Yes there is. Modify xo-install.cfg file's BRANCH variable to commit hash and run update with xo-install.sh and it'll get you directly to that specific commit. You can use long or short commit hash, eq. 9b9c71a80fd845b9726e0e89c82aa17f6aca2422 or 9b9c71a (latest commit as of now)

Videothek commented 4 months ago

@felibb did you manage to fix the issue?

I am having a related problem and also the same a described here.

I opened a ticket directly in the XO Github Repo but it was fixed because i was told it has something to do with the Installer: https://github.com/vatesfr/xen-orchestra/issues/7510

tldr: my backups fail everytime and i cant see why, the logs are confusing and as it seems they couldn´t really understand what is happening either.

So has anyone a fix for this, because i have to rerun my backups daily for the last 2 months wich is really annoying.

felibb commented 4 months ago

@Videothek if you read that forum thread you've seen my note about Debian upgrade and about networks.
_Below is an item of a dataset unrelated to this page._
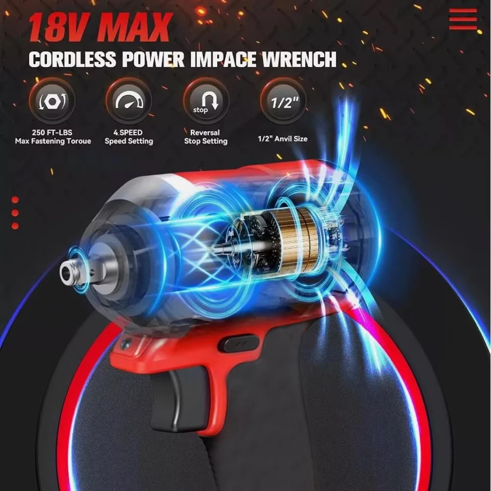 Bürstenloser Schlagschrauber, 500 Nm, Elektroschrauber, 1/2 Zoll, Reparatur-Akku-Schraubendreher, 4 Gänge, Elektrowerkzeuge für Milwaukee 18 V Akku - TopDealBox

Just last night I decided to switch the network interface on (a pre-upgrade bullseye clone) XO to the LAN marked as Management (blue bubble in host network tab). Also installed latest XO commit. No timeouts for over 12h. Seems like Debian version doesn't matter, and the current code is fine, but somewhere along the line something changed that possibly made XO more sensitive to latency, maybe that undici library? Speculating here of course. Anyway, this issue can be closed, it probably doesn't even belong in this repo.